Se publica que el presidente de la patronal catalana Foment del Treball, Joaquim Gay de Montellà, ha pedido al Rey Juan Carlos que presione al Partido Popular y al Partido Socialista Obrero Español para que discurran alguna forma de realizar el referéndum secesionista que patrocinan los partidos separatistas de Cataluña. Según se nos cuenta, el señor Gay de Montellà ha tomado esta iniciativa porque cree varias cosas, a saber: primera, que la celebración de la consulta (eufemismo del referéndum para que parezca menos ilegal) es inevitable, y que es mejor para todos que se haga con la aquiescencia del poder que en su contra; segunda, que todavía existen probabilidades de que la respuesta sea favorable a mantener a Cataluña en el conjunto de España, y que más tarde cualquiera sabe; tercera, que la Corona ha de intervenir activamente a favor del referéndum porque el PSOE está destrozado y el bipartidismo anda de capa caída, y el impulso regio le parece esencial.

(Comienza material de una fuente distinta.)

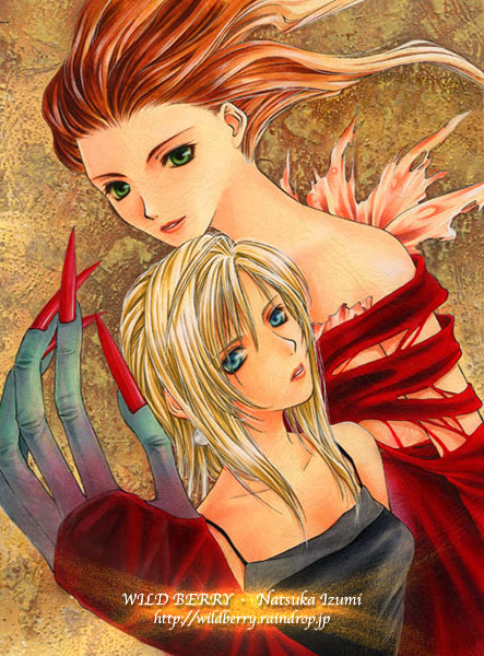 2girls artist_name aya_brea bad_id black_tank_top blonde_hair blue_eyes brown_background brown_hair claws commentary_request dress eve_(parasite_eve) expressionless green_eyes hair_slicked_back izumi_natsuka light_smile monster_girl multiple_girls off-shoulder_dress off_shoulder parasite_eve_(series) parasite_eve_i parted_lips red_dress red_nails tank_top torn_clothes torn_dress traditional_media upper_body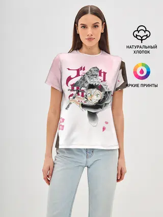 Женская базовая футболка / Чёрный клевер сакура Аста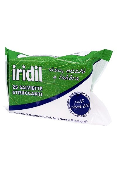 Le salviette struccanti Iridil sono state studiate per rimuovere delicatamente il trucco da viso, occhi, labbra e collo rispettando il pH delle pelli più delicate. Con olio di mandorle dolci, aloe vera e bisabololo, noti per le loro proprietà addolcenti, rinfrescanti, lenitive, emollienti ed idratanti.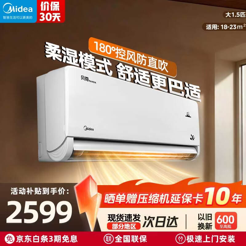 美的(Midea)空调 大1.5匹 国家补贴15% 风尊熊猫版 新一级能效挂机 全直流变频省电 冷暖两用家用卧室壁挂式 风尊 一级能效 大1.5匹 熊猫版 PANDA 全国联保 配送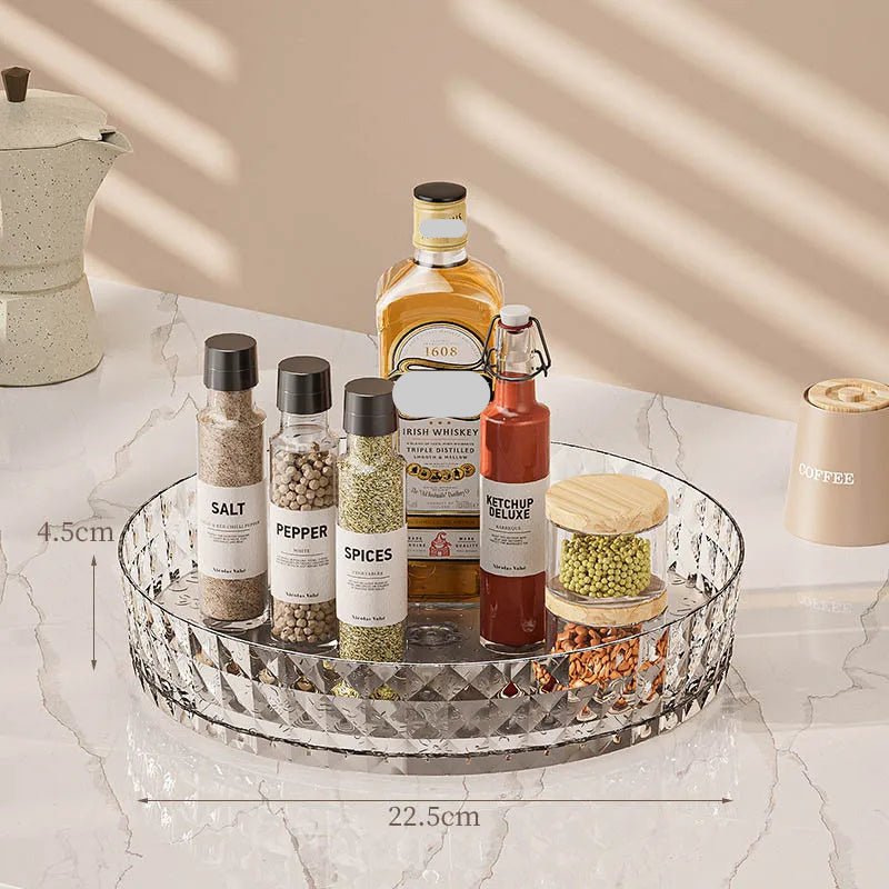 Easy Glide - Rotates 360°:The Bottom Is Anti Slip and Stable, And The Rotary Table Rotates Without Slipping, Allowing You To Easily Access Seasoning Bottles, Fruits and Vegetables, Or Cosmetics and Skincare Products at Any angle.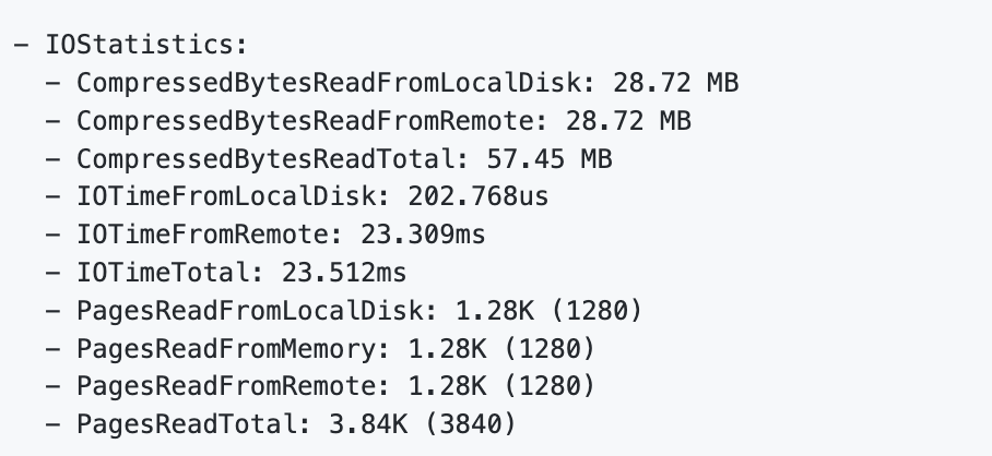 上图显示了某次查询所访问的数据部分来自后端对象存储(PagesReadFromRemote),部分来自本地磁盘缓存(PagesReadFromLocalDisk),部分来自计算节点内存缓存(PagesReadFromMemory)及各自的耗时。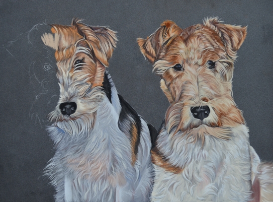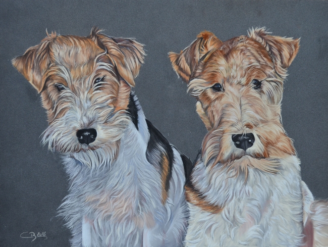 Des petits fox à poils durs ! L’une de mes races préférées, j’en avais un quand j’étais petite.. Alors forcément j’étais aux anges lorsque Marie-Paule m’a confié la réalisation du portrait de ses deux amours de chiennes Jade et Sonie !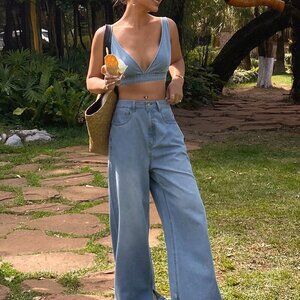 Blue Women's Washed Denim Camisole Top & Wide Leg Pants Casual Vacation Outfit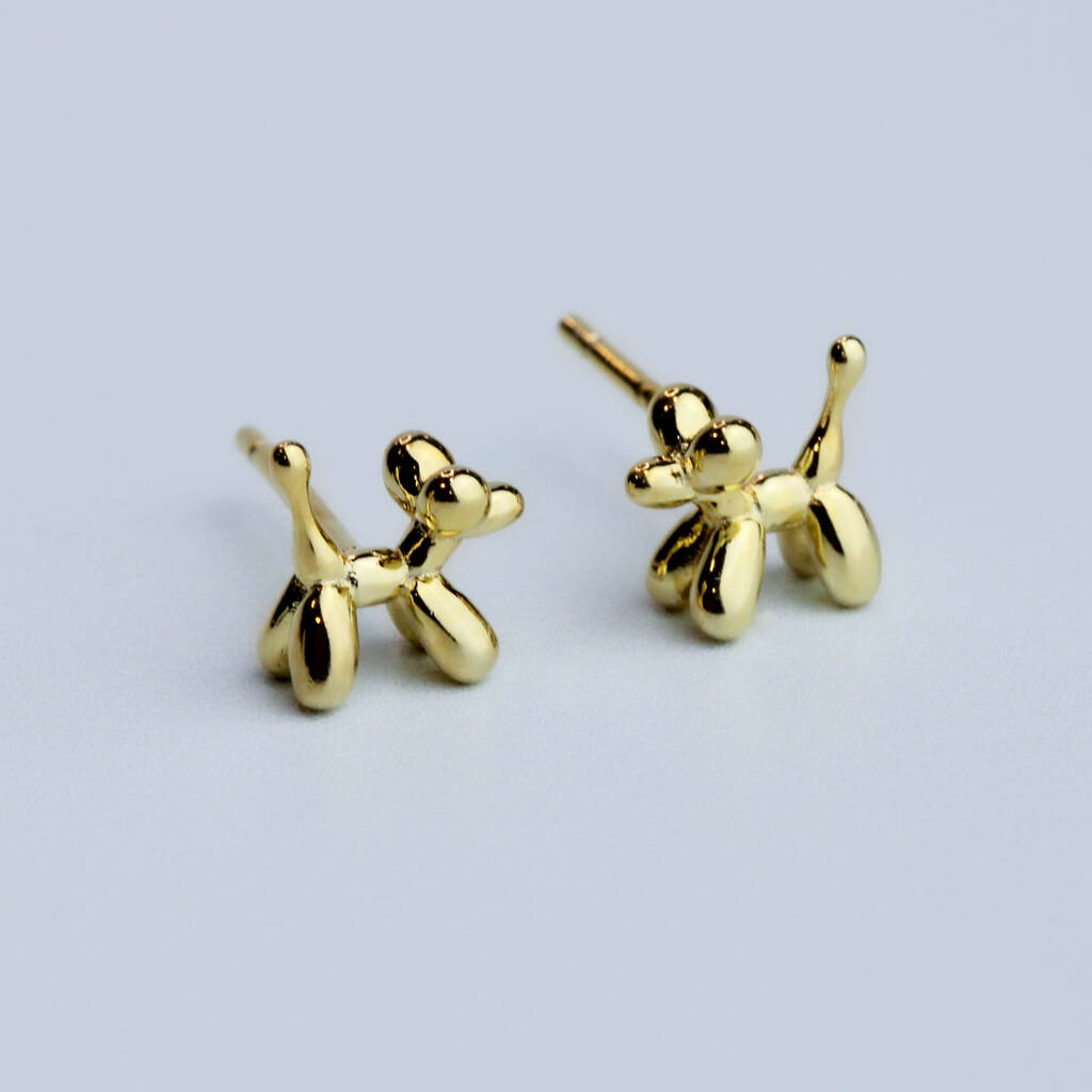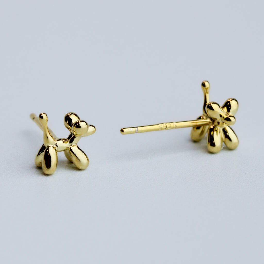 These minimalist earrings are made of quality sterling silver and come with butterfly backs. They feature a simple, tiny balloon dog design.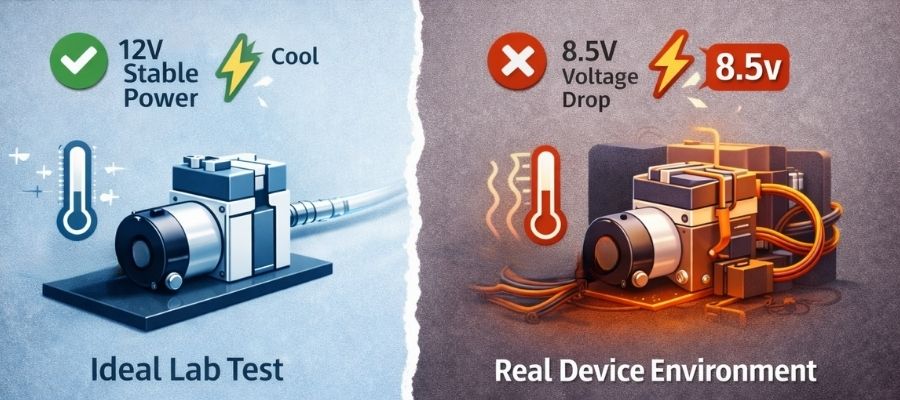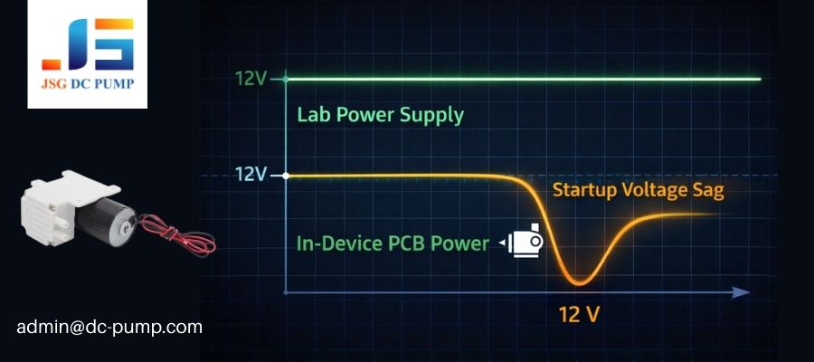 The pump runs perfectly on your 12V lab supply. But inside the device, powered by the main PCB, it stalls on startup or runs erratically. It’s the same 12V, so what’s the issue?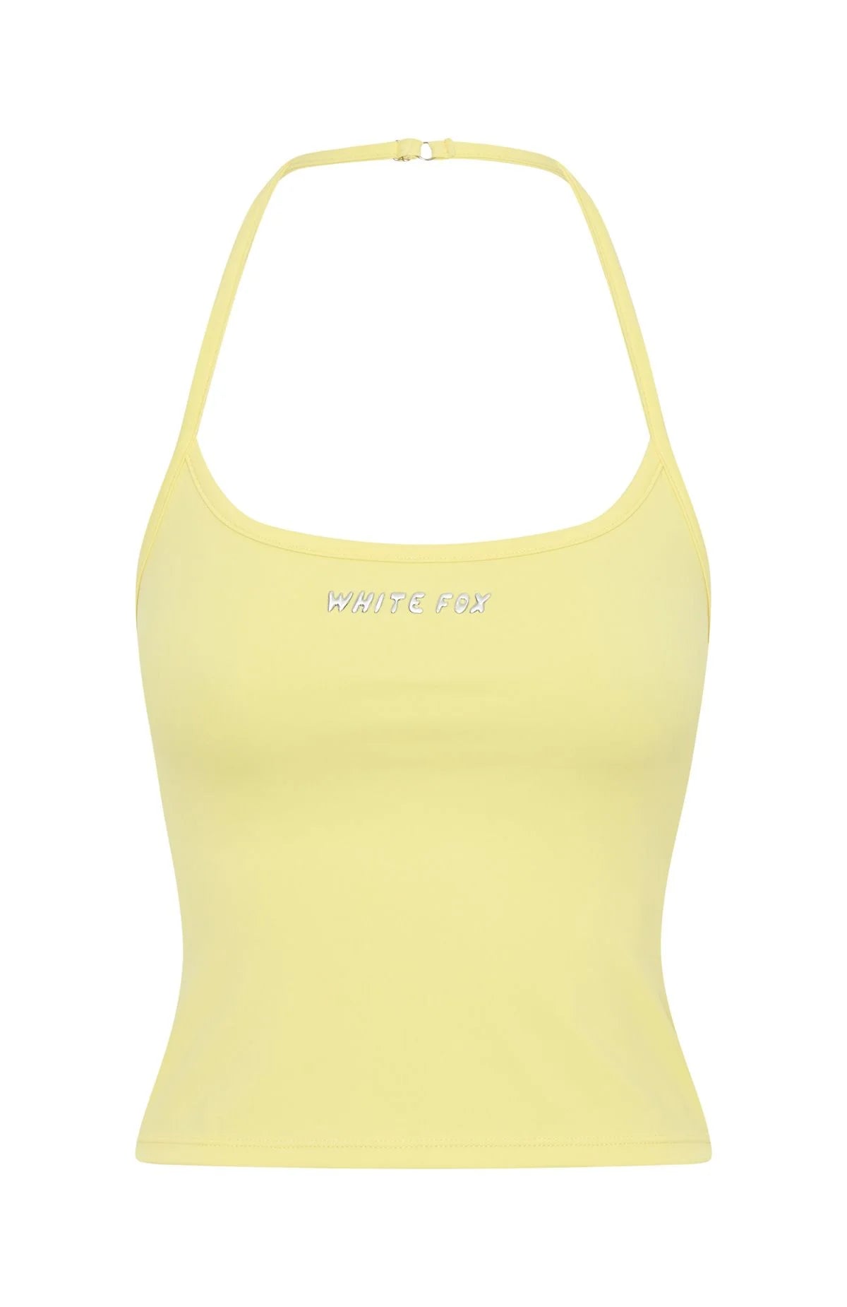 Lounge lovers are obsessed with the Test Drive Halter Top Lemon. Designed with fixed adjustable halter straps, a scoop neckline and a fitted bodice crafted in high-stretch fabrication, this sleek piece showcases a puff-print metallic White Fox text across the centre front. Style with the matching Test Drive Lounge Shorts for a cozy yet cool fit.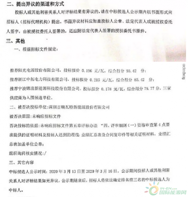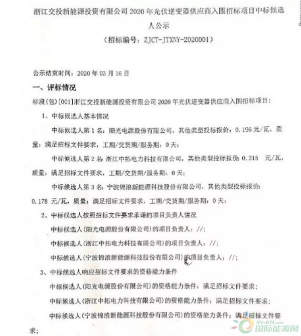 陽光電源股份有限公司以0.196元/瓦的報價,位列第一中標候選人;浙江中拓電力科技有限公司以0.215元/瓦的報價,位列第二中標候選人;寧波錦浪新能源科技股份有限公司以0.178元/瓦的報價位列第三中標候選人。
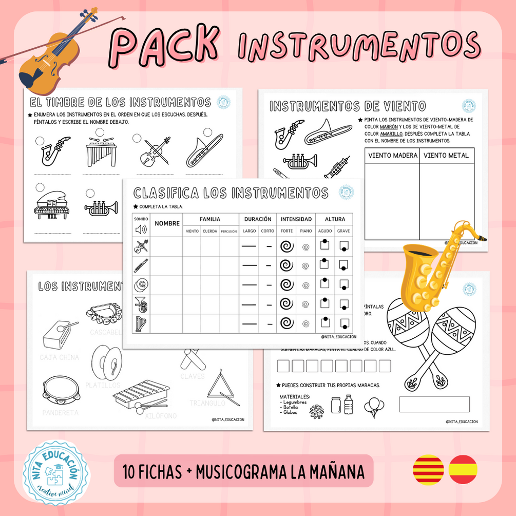 🗂️ PACK que incluye 10 Fichas Para trabajar las familias de instrumentos! 🎷🥁🪇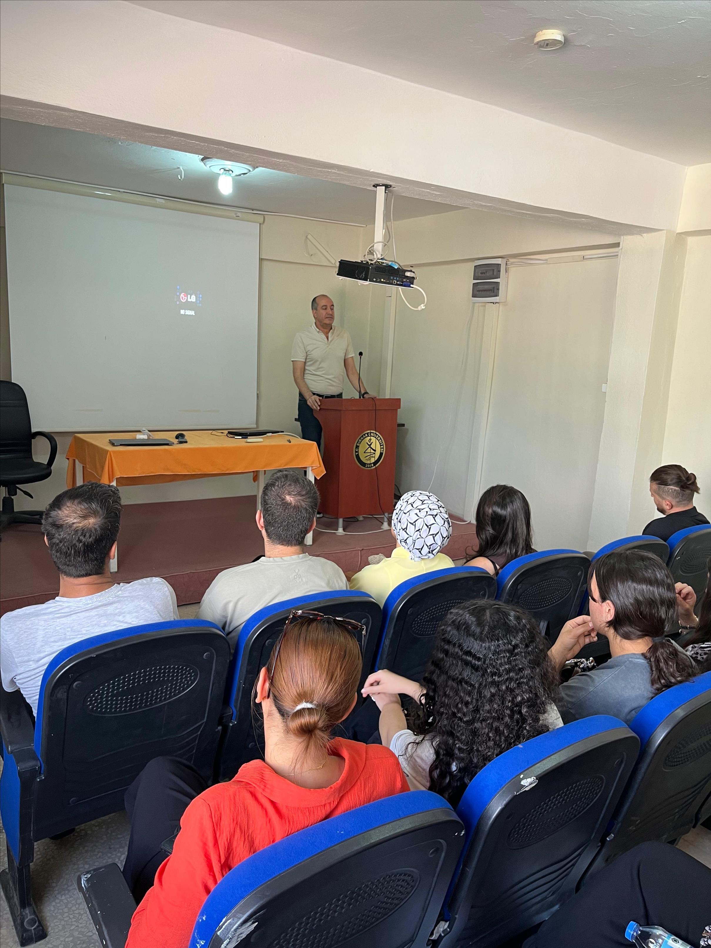 Programın açılış konuşmasını yapan Dr. Öğr. Üyesi Tarkan Ayaz, öğrencileri İdil Meslek Yüksekokulu ailesine katılmalarından dolayı tebrik ederek, başarılı bir eğitim-öğretim yılı geçirmeleri temennisinde bulundu. Öğrencilere yüksekokulun bölümleri, akademik yapısı, fiziki olanakları ve sunulan sosyal imkânlar hakkında bilgiler verdi. Ayrıca, mesleki gelişimin yanında sosyal, kültürel ve kişisel gelişimin de önemine vurgu yaparak, öğrencilerin üniversite yıllarını en verimli şekilde değerlendirmeleri gerektiğini belirtti.

Parece que el referéndum es la única salida que los directivos del Foment del Treball son capaces de vislumbrar en las circunstancias actuales. Es comprensible, porque no se va a pedir a unos empresarios que tengan visión de Estado, o que se crean las exquisiteces del imperio de la ley, los principios generales del Derecho y la seguridad jurídica, o la sentencia de San Agustín según la cual un Gobierno sin justicia no es distinguible de una partida de ladrones. Ellos, los empresarios, tienen otra mentalidad. Son pragmáticos. Les cuesta comprender términos como lealtad o traición, que consideran lastres que impiden flotar. Creo que era en la pelícila La ciutat cremada donde un adinerado industrial de Barcelona sorprende a su hija en la cama con un jovenzuelo, y monta en cólera hasta que el chico le dice su apellido, que es el de una familia aún más rica que la suya; su semblante muda súbitamente, se sienta en una esquina del lecho, y sólo murmura: «Parlem-ne» (hablemos).
Pero la vida real enseña a estos empresarios catalanes que su actitud tiene precedentes ilustres, al margen de guiones cinematográficos más o menos cómicos. La compañía alemana Krupp AG era, desde el siglo XIX, una de las industrias pesadas y de armamento más antiguas del mundo. Bertha Krupp, heredera del imperio siderúrgico tras el suicidio de su padre, se casó con un diplomático llamado Gustav von Bohlen, que adoptó el apellido Krupp para hacerse cargo del negocio, ya que a finales del XIX era impensable que lo controlase una mujer. La Krupp proveyó de armas a Prusia, luego al Imperio alemán; tras la derrota en la I Guerra Mundial, Alemania tuvo prohibida la fabricación de armamento, pero Krupp fabricó clandestinamente armas que vendió a suecos y holandeses mediante empresas interpuestas. El nacionalsocialismo libró a la Krupp de los molestos sindicatos, y desde entonces las relaciones de la empresa con Hitler fueron excelentes hasta el fin de la II Guerra Mundial, que los alemanes libraron con armamento Krupp, naturalmente. Gustav Krupp no llegó a ser juzgado en Núremberg por su estado senil. Y el imperio industrial ha seguido prosperando tras la guerra con los democristianos de Adenauer y los socialistas de Brandt, y así hasta hoy.
Los empresarios, como los notarios, los relojeros o los periodistas, se parecen más a otros empresarios, notarios, relojeros o periodistas de cualquier lugar del mundo que a compatriotas que se dediquen a otras cosas. Parece que es ley de vida. Pero la Krupp no impidió ninguna guerra, sino que se lucró de todas ellas.
La petición del presidente del Foment del Treball al Rey puede ser comprensible. Pero me parece más que dudoso que sea justificable. La vehemente sospecha de que no hablan del Estado, sino de sus intereses, no es fácil de descartar.